Under the Company's 1987 Stock Incentive Plan (the "Stock Plan"), an
aggregate of 500,000 shares of Common Stock have been reserved for the granting
of non-qualified stock options and the award of incentive shares to such
executive officers and other key employees of the Company as may be determined
by the Committee administering the Stock Plan. The extent to which incentive
shares are earned and charged to expense will be determined at the end of the
three-year award cycle, based on the achievement of the Company's net income
goal for the award cycle. Payment of incentive shares earned may be made in
shares of the Company's Common Stock and/or cash. If paid in cash, such payment
will be based on the average daily closing price of the Company's Common Stock
during the last month of the award cycle.

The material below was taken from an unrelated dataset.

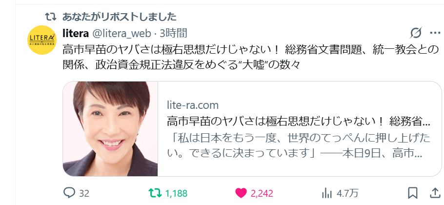 此人极度右翼,与统一教会有牵扯,政治资金违规操作,等等等等,真就黑料身上长了个人
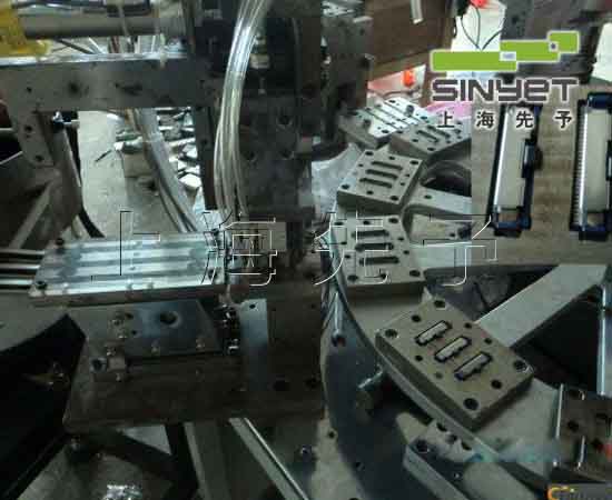 設(shè)備生產(chǎn)組裝順序: 塑料小蓋– 刀片1 – (中間片)夾片 1– 刀片 2– 夾片2刀 - 刀片 3– 塑料大蓋– 熱鉚合工位 – 裝入護(hù)罩 - 出料;

The option features of the Stock Plan
are substantially the same as the Company's incentive stock option plan
described above. A total of 79,940 shares were issued and $233,412 was paid with
respect to awards earned under the Stock Plan as of December 29, 1989 and no
additional awards were granted until March 1993 when Bruce Weiner was granted
20,000 shares of the Company's Common Stock at a price of $4.00 per share, which
was in excess of the market value of the Company's Common Stock on the grant
date. Such option expired unexercised following Mr. Weiner's removal as an
officer of the Company in 1994.


52



NOTES TO CONSOLIDATED FINANCIAL STATEMENTS - (Continued)

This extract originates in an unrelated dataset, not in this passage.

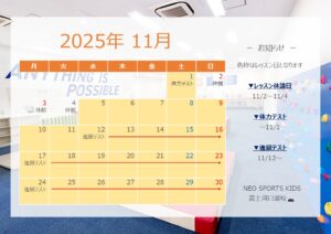 2025.10.31 お知らせ 休館のお知らせ みなさまこんにちは☀️ 下記期間はスクール休館日となりますので、ご確認ください。 休館日 2025/11/2(日)~11/4(火) 上記期間中のお問い合わせにつきましては、11/5(水)以降順次ご対応いたします。 ご迷惑をおかけしますが、何卒、よろしくお願いいたします。 NEOSPORTSKIDS 富士河口湖校

THE DELTONA CORPORATION AND SUBSIDIARIES


10. Common Stock and Earnings per Share Information - (Continued)

On June 18, 1992, the Company issued warrants to its lenders for the
purchase of 277,387 shares of Common Stock at $1.00 per share (the Warrants").
The Warrants became exercisable on June 18, 1992, were subject to mandatory
repurchase by the Company at the request of the holder at any time after
December 18, 1993 at 75% of the market price of the Company's Common Stock and
expired on the later of: (i) 30 days after payment in full of all debt under the
Sixth Restatement; (ii) July 31, 1997, or (iii) such later date as to which the
expiration date had been extended to implement the provisions applicable to the
mandatory repurchase option.

On December 2, 1992, the Company entered into a Warrant Exercise and Debt
Reduction Agreement with Yasawa, providing for the number of shares issuable
upon acquisition of the Warrants by Yasawa and the exercise of such Warrants by
Yasawa to be increased from 277,387 shares of Common Stock to 289,637 shares of
Common Stock, and adjusting the exercise price to an aggregate of approximately
$314,000. On December 11, 1992, following the acquisition of the Company's bank
loan and the Warrants by Gram and the immediate transfer of the bank loan and
the Warrants by Gram to Yasawa, Yasawa exercised the Warrants in exchange for
debt reduction credit to the Company of approximately $314,000.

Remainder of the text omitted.